## DATA TO PROCESS
# # #
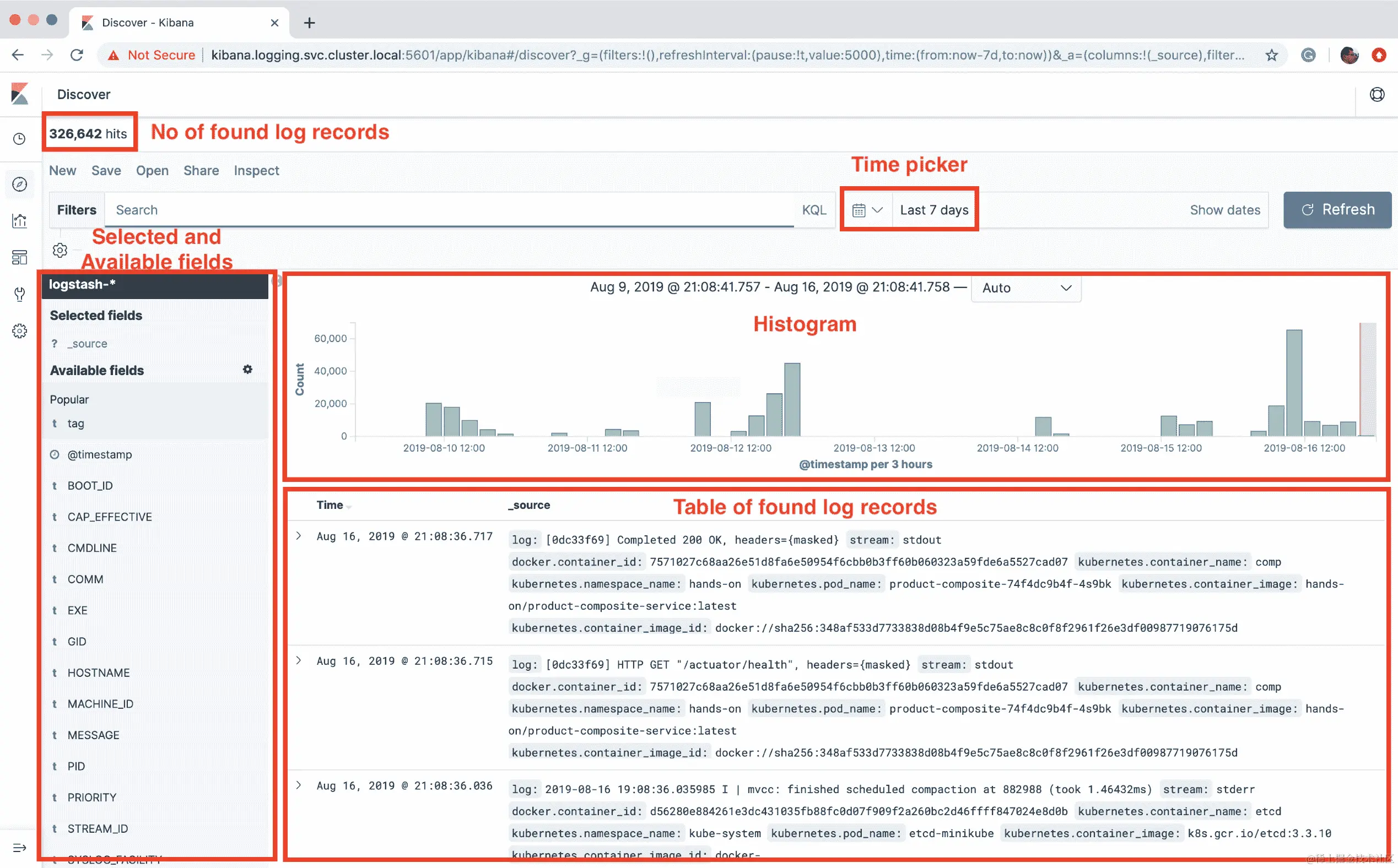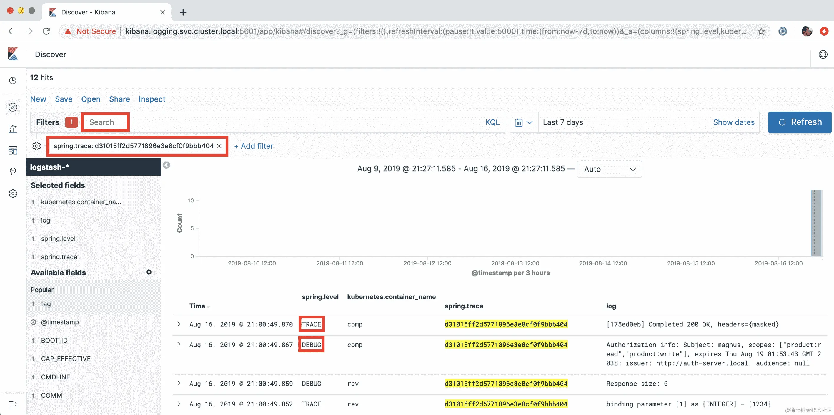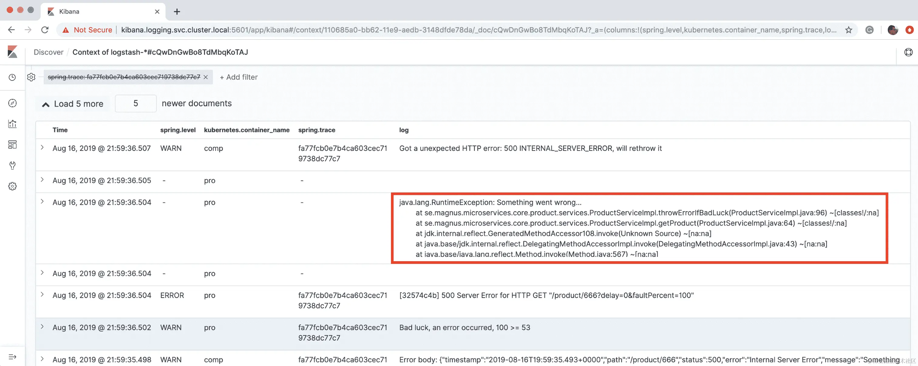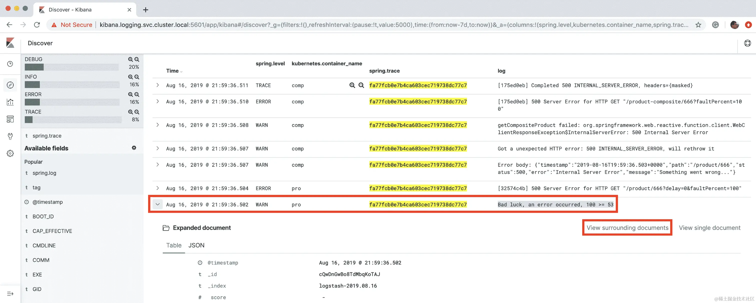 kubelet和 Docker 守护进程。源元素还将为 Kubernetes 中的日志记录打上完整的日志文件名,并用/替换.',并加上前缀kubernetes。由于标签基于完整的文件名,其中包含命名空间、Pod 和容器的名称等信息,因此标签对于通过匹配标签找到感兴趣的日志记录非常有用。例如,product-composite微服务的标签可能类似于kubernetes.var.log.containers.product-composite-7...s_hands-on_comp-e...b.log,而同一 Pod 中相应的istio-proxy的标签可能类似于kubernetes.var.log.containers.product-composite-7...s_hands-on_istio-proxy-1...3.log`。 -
# # #
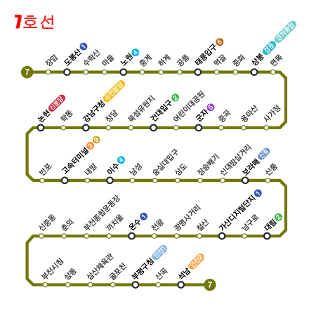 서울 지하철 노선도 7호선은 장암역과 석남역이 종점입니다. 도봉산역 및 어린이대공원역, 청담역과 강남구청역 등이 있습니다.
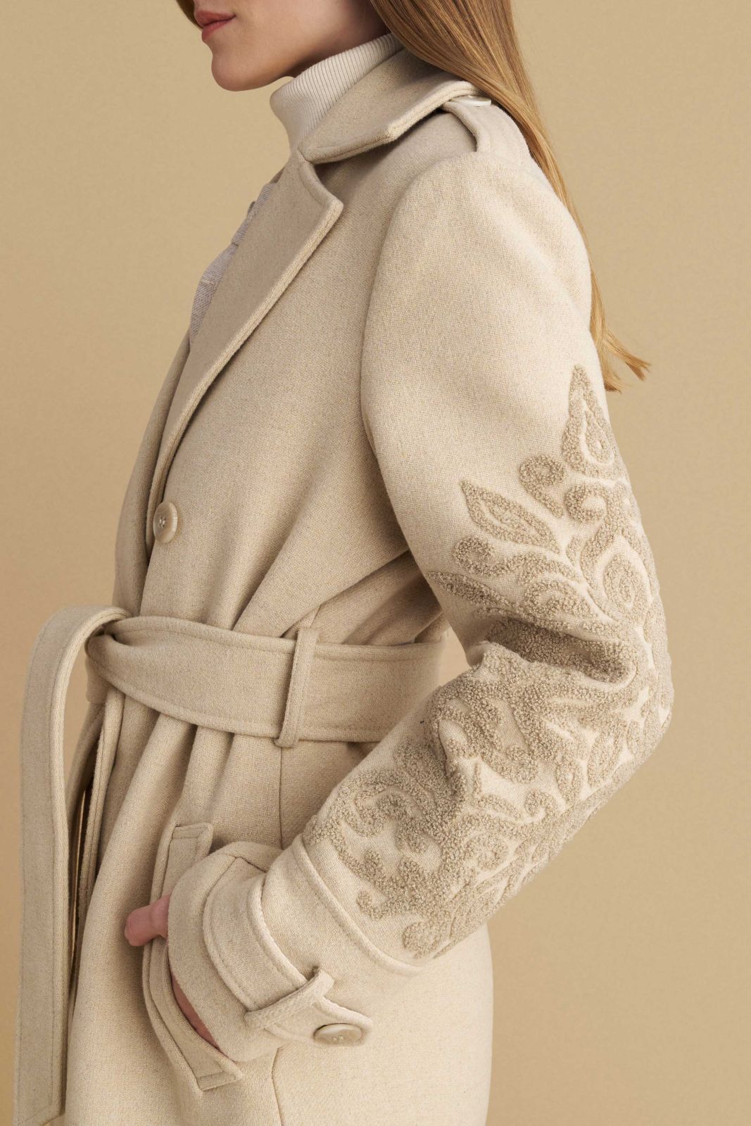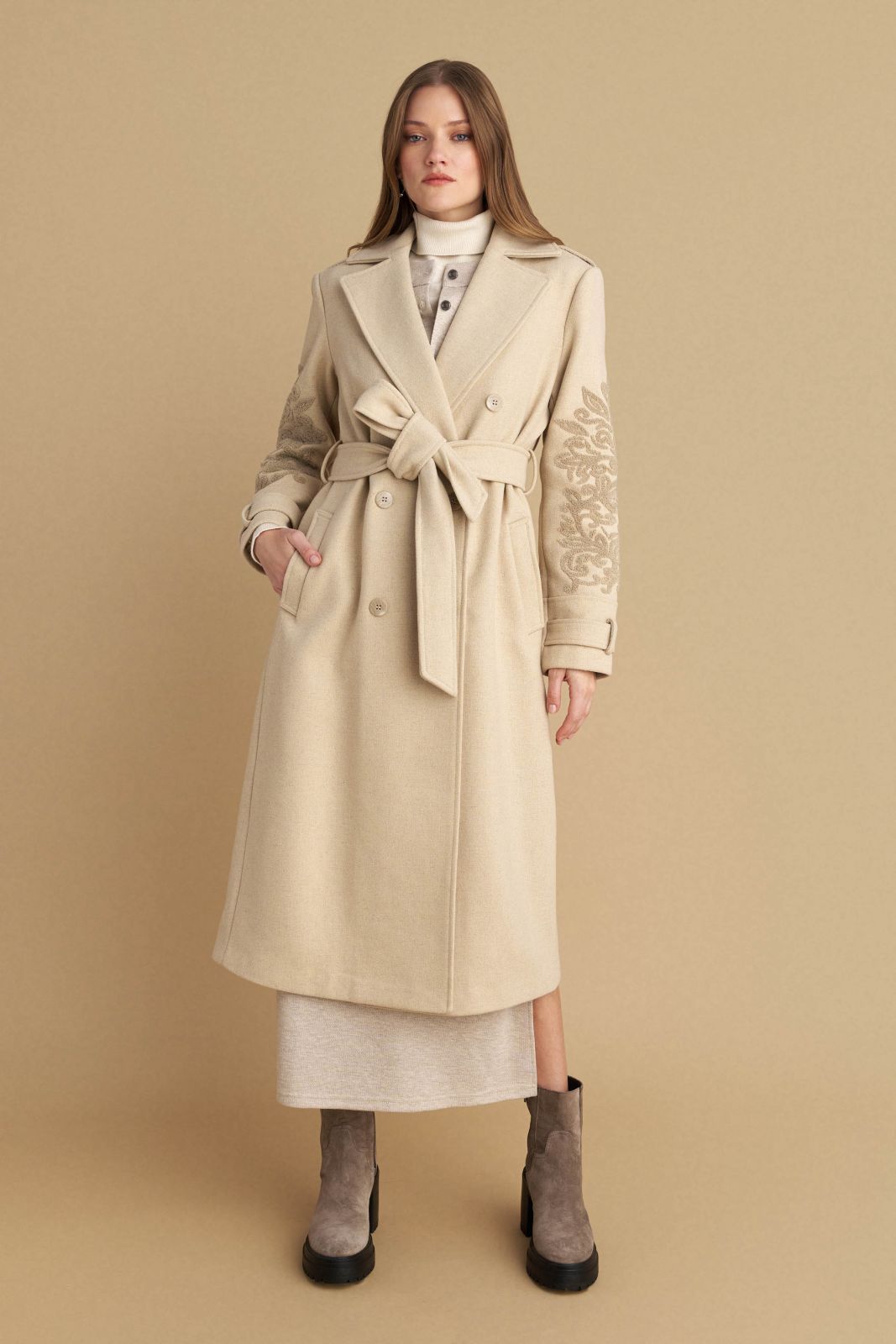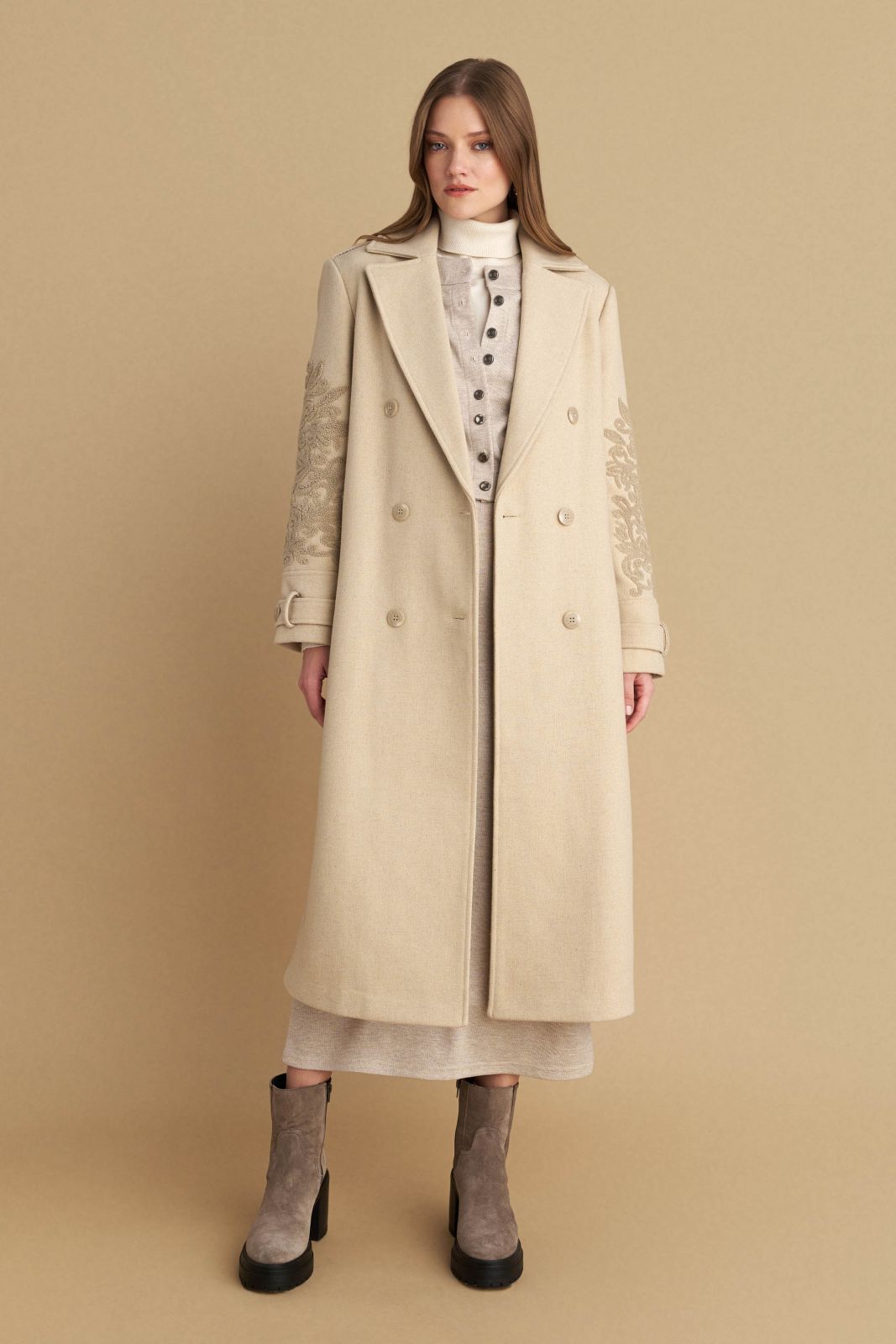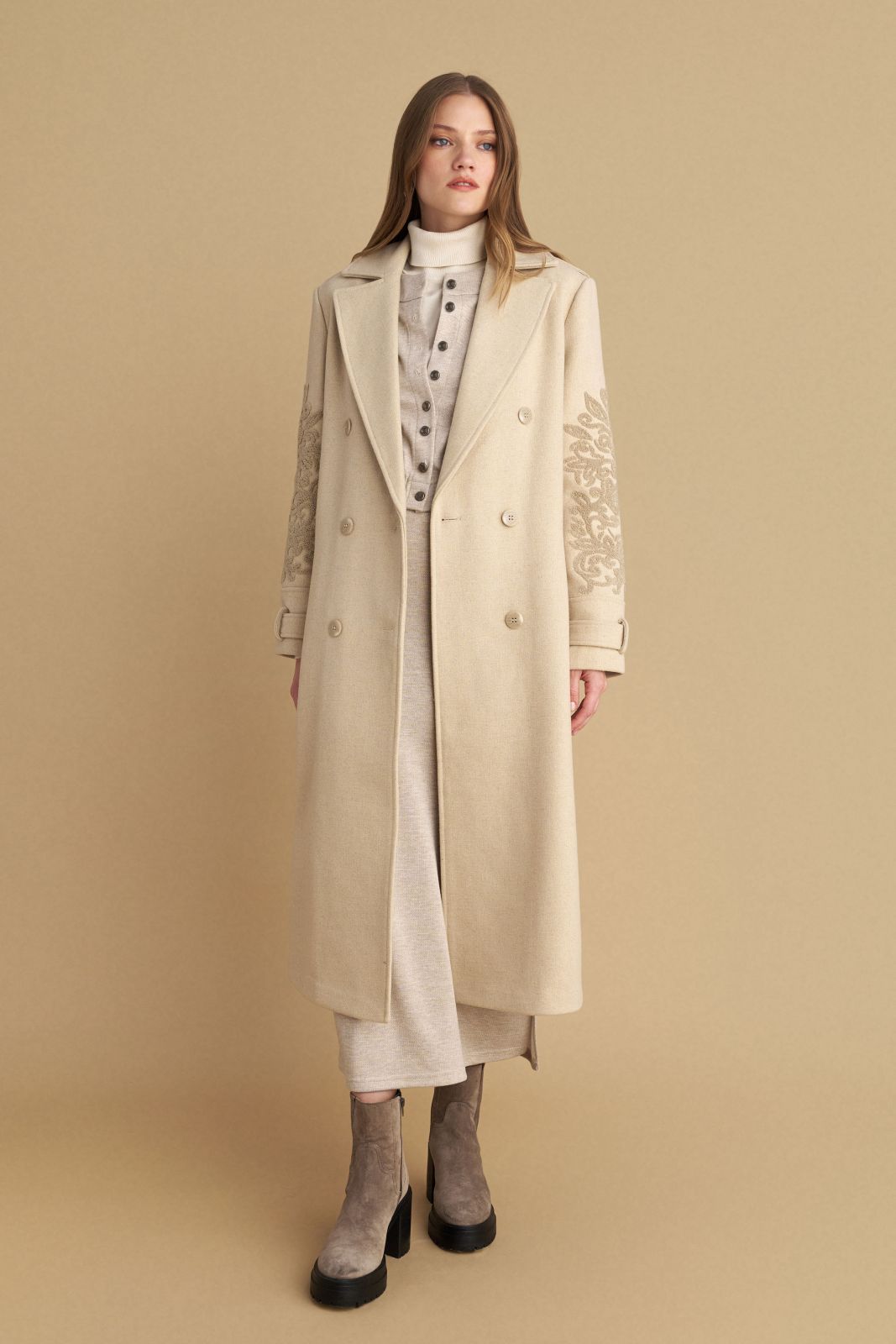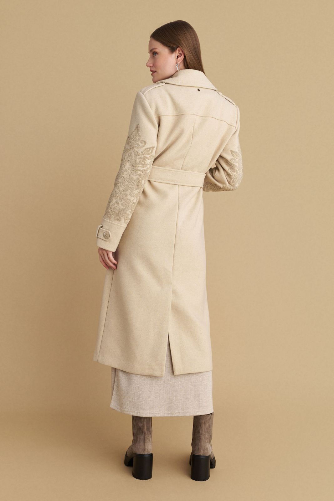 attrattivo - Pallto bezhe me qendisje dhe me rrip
# # #
## PROBLEM
All lines above starting at the one with "서울 지하철 노선도 7호선은" and ending at the one with "attrattivo - Pallto", inclusive, are to be printed again exactly, with the pictures left out.

## RESULT FOR THIS TASK
 서울 지하철 노선도 7호선은 장암역과 석남역이 종점입니다. 도봉산역 및 어린이대공원역, 청담역과 강남구청역 등이 있습니다.
 attrattivo - Pallto bezhe me qendisje dhe me rrip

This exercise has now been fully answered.